Using a library set
After you have created a library set, you can reference and consume it in your Spark applications. When you run your Spark application in the watsonx.data instance, the library set is loaded from the instance home and is made available to the Spark application.
A library set is referenced in a Spark application using the "ae.spark.librarysets" parameter in the "conf" section of the Spark application submission payload.
To reference a library set when submitting a Spark application:
-
Get the IAM token. See Generating a bearer token.
-
Issue the following cURL command:
Sample V2 API
curl -X POST https://<region>.lakehouse.cloud.ibm.com/lakehouse/api/v2/spark_engines/<spark_engine_id>/applications --header "Authorization: Bearer <IAM token>" -H "content-type: application/json" -d @submit-spark-app.jsonExample for submit-spark-app.json:
{ "application_details": { "application": "cos://<bucket-name>.<cos-name>/my_spark_application.py", "arguments": ["arg1", "arg2"], "conf": { "spark.hadoop.fs.cos.<cos-name>.endpoint":"https://s3.us-south.cloud-object-storage.appdomain.cloud", "spark.hadoop.fs.cos.<cos-name>.access.key":"<access_key>", "spark.hadoop.fs.cos.<cos-name>.secret.key":"<secret_key>", "ae.spark.librarysets":"my_library_set" } } }Sample V3 API
curl -X POST https://<region>.lakehouse.cloud.ibm.com/lakehouse/api/v3/spark_engines/<spark_engine_id>/applications --header "Authorization: Bearer <IAM token>" -H "content-type: application/json" -d @submit-spark-app.jsonExample for submit-spark-app.json:
{ "application_details": { "application": "cos://<bucket-name>.<cos-name>/my_spark_application.py", "arguments": ["arg1", "arg2"], "conf": { "spark.hadoop.fs.cos.<cos-name>.endpoint":"https://s3.us-south.cloud-object-storage.appdomain.cloud", "spark.hadoop.fs.cos.<cos-name>.access.key":"<access_key>", "spark.hadoop.fs.cos.<cos-name>.secret.key":"<secret_key>", "ae.spark.librarysets":"my_library_set" } } }Currently, only one library set can be referenced during Spark application submission under the
"ae.spark.librarysets"attribute.If the application is accepted, you will receive a response like the following:
{ "id": "87e63712-a823-4aa1-9f6e-7291d4e5a113", "state": "accepted" } -
Track the status of the application by invoking the application status REST API. See View and manage applications.
Using the library set created using script based customization
When you use a library set that you created using a script, you need to include the path of the library in certain environment variables so that the library set can be accessed by your Spark application.

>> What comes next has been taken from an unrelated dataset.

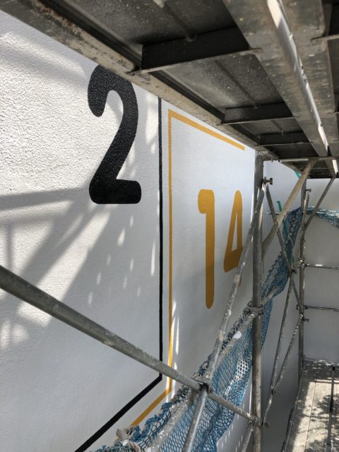 今回は、集合住宅の壁面に棟番号を書いていくというご依頼をいただき施工させて頂きました!

For example, if your custom library is a .so file, you need to add "EXTRA_LD_LIBRARY_PATH" to the "env" section of the Spark application submit call, with the value /home/spark/shared/user-libs/<libraryset_name>/custom/<subdir_if_applicable>.
This prepends "EXTRA_LD_LIBRARY_PATH" to "LD_LIBRARY_PATH", ensuring that this is the first path to the .so file that is searched.
If your custom library is a JAR file and you need it to be accessible on the Spark classpath, you must specify the JAR file in the extra classpath for driver/executor depending on where you require the JAR file. For example, to add it in front
of the driver classpath, add the following property, where the library set name is java_library:
"spark.driver.extraClassPath":"/home/spark/shared/user-libs/java_library/custom/*"
If your custom library is a certificate file, for example a self signed ICD Postgres certificate, you can specify it in the connection URL in the following way:
sslrootcert=/home/spark/shared/user-libs/customize_integration_custom_lib/custom/postgres.cert`
If your custom library is a configuration file, it is made available to the Spark drivers and executors automatically.
Example of customization script with a multi file download
The parameters, and the script mentioned in the previous section are just a sample. You can implement additional logic if you need, like for downloading a directory or multiple files or downloading from different source, and so on.
For example, to download multiple files from a directory on Cloud Object Storage, see Sample script.